И кивает в сторону чиновника. Стараюсь сохранять серьезность. Ксандер прав. Зачем ехать так далеко, в частный пищевой зал, если наше свидание какое угодно, только не частное?

Начинаю сочувствовать всем Обрученным, которые вынуждены проводить свои первые беседы через порты и, конечно, тоже под наблюдением чиновников. По крайней мере, у нас с Ксандером были тысячи бесед без всякого наблюдения.

Частный пищевой зал расположен в небольшом здании на расстоянии всего одной остановки аэропоезда от нашего городка. Сюда иногда приезжаю холостяки, а иногда — наши родители, если им хочется сменить обстановку.

— Здесь очень мило, — говорю я в тщетной попытке наладить общую беседу, когда мы приближаемся к пищевому залу. Маленькая зеленая лужайки окружает краснокирпичную коробку здания. На лужайке я вижу клумбу с вездесущими новыми розами и какими-то прелестными дикорастущими цветами.

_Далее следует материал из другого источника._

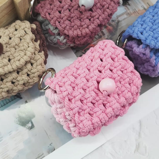 Square Earphone Bag Weaving Kit Macrame Kit | Bead Buckle Anti-Drop | Multi-Storage Use | DIY Gift | Beginner-Friendly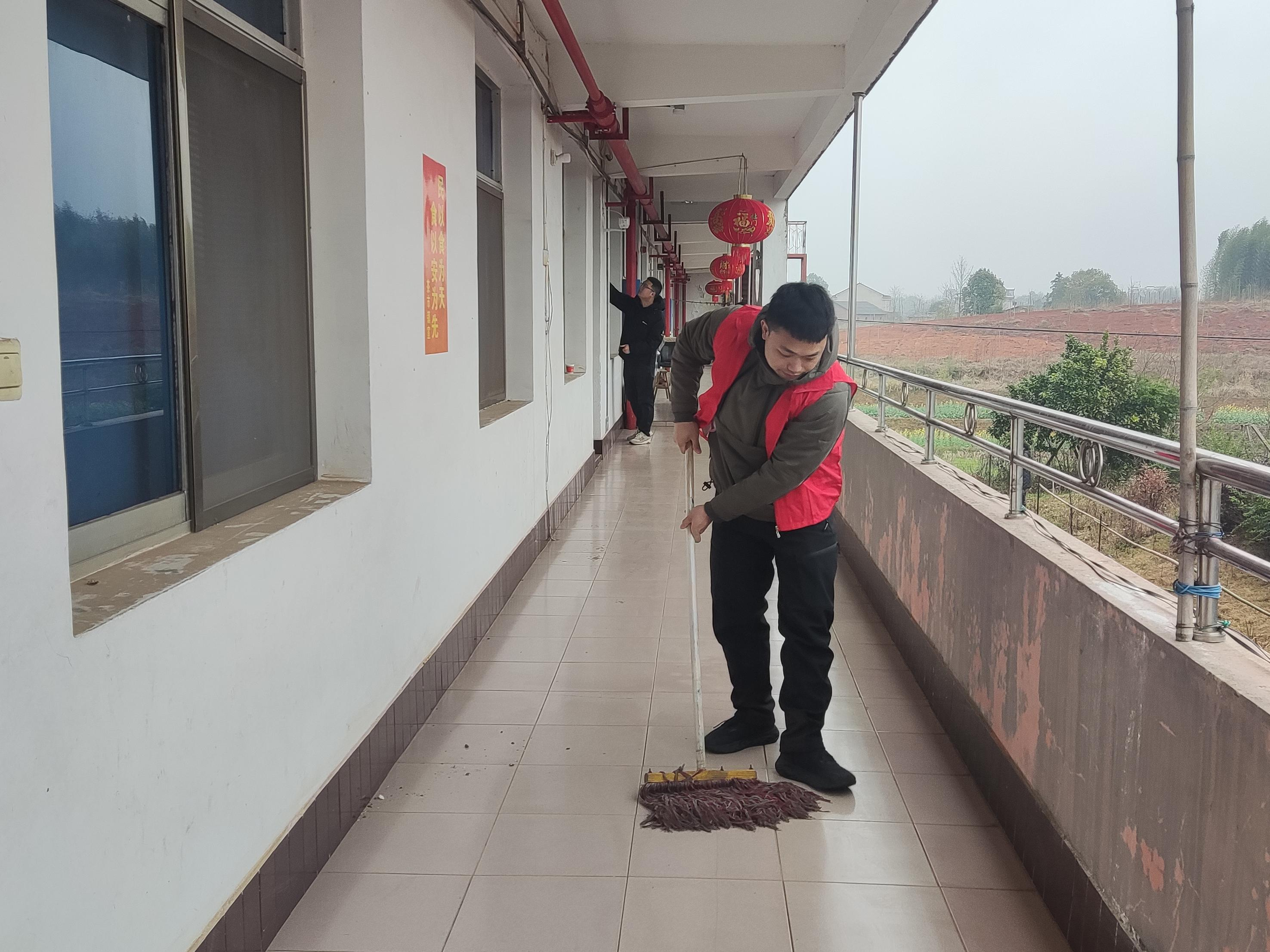 一抹抹"誌願紅"穿梭在院落各處,黨員幹部們紛紛對房間地板、門窗玻璃、走廊扶手等展開"繡花式"清潔。勞動間隙,大家與老人圍坐談心,一邊科普著"防電詐""安全用電"等相關知識,一邊記錄著老人們的微心願:"想重新配個老花鏡""看場花鼓戲"......這些細碎的需求,將成為下次服務的行動指南。

И тут память высвечивает воспоминание, такое особенное и яркое, что трудно поверить, что оно приходит ко мне впервые. Вспоминаю вечер: я намного младше, чем сейчас. Родители возвратились после вечера, проведенного вне дома. Мы с Брэмом оставались под присмотром дедушки. Я слышали его разговор с родителями, перед тем как отец пошел в комнату Брэма, а мама — в мою. Нежные розовые и желтые цветы выпали из ее волос, когда они наклонилась, чтобы поправить мое одеяло. Она быстро воткнула их обратно в волосы за ухом, а я была слишком сонной, чтобы спросить, откуда у нее цветы. Как они у нее оказались, если рвать цветы запрещено? Проснувшись на другое утро, я забыла свой вопрос и никогда потом его не задавала.

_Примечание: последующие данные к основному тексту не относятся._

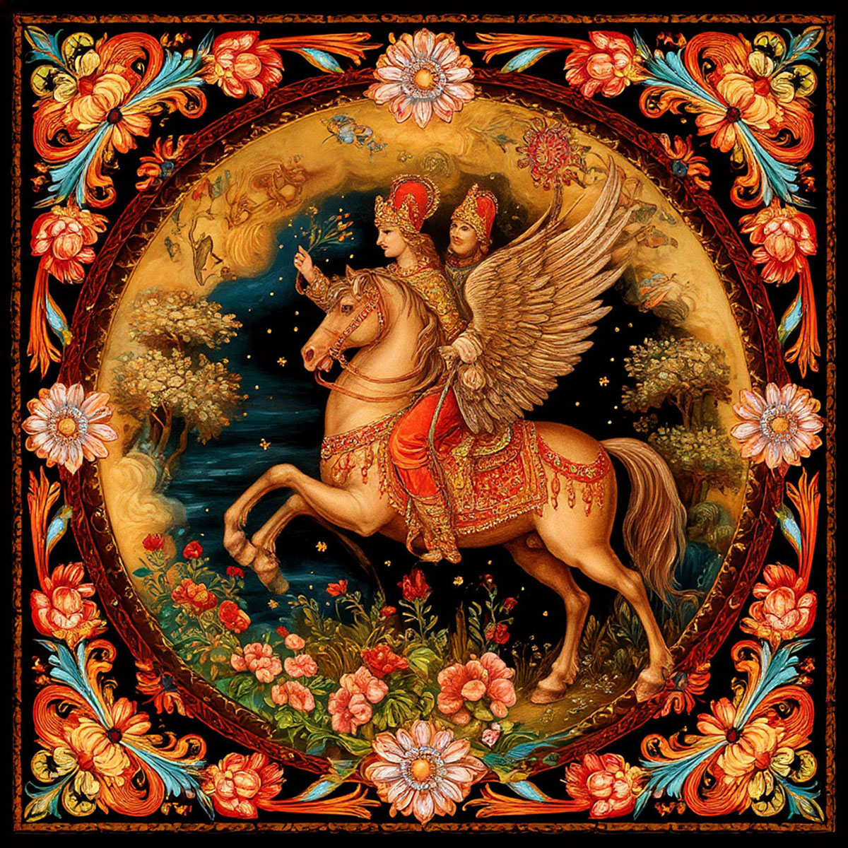 Посёлок Палех Ивановской области издавна знаменит иконописью. Наивысшей точки мастерство палехских иконописцев достигло в XVIII–XIX вв. Местные мастера помогали расписывать и реставрировать Грановитую палату, церкви Троице-Сергиевой лавры, а также Новодевичий монастырь. После революции 1917 года, когда религиозное искусство оказалось под запретом, художники перенесли свои навыки в фольклор. Конь здесь почти всегда изображается в динамике: стремительный, огненный, летящий.

Теперь я знаю ответ: мой отец порой нарушает правила для тех, кого любит. Для мамы. Для дедушки. Мой отец немножко похож на Ксандера, каким он был в тот вечер, когда нарушил правила ради Эми.

Ксандер берет мою руку и возвращает меня в настоящее. Невольно бросаю взгляд на чиновника. Тот молчит.

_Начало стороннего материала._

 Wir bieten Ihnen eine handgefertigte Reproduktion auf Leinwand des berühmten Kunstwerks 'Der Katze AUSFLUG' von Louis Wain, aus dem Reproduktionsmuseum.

Интерьер частного обеденного зала выглядит приятнее, чем обычного пищевого зала.

— Посмотри, — говорит мне Ксандер. Трепещущая лампа в центре каждого столика имитирует старинный романтичный способ освещения — свечи.

Когда мы проходим между столиками, на нас обращают внимание. Мы здесь явно самые молодые. Большинство посетителей в возрасте наших родителей или молодожены несколькими годами старше нас. Некоторые посетители похожи на холостых, но их немного. Наши городки населены в основном людьми семейными и молодежью моложе двадцати одного года.

Ксандер ловит чужие взгляды и отвечает на них, при этом не выпуская моей руки. Он тихонько шепчет мне:

— Хорошо, что хоть в школе привыкли к тому, что мы с тобой пара. Ненавижу, когда меня разглядывают.

— Я тоже.

Спасибо, что чиновник наконец-то не пялится на нас. Он прокладывает путь между столиками, пока не находит один, помеченный нашими именами. Сразу после того, как мы усаживаемся, появляется официант с нашей едой.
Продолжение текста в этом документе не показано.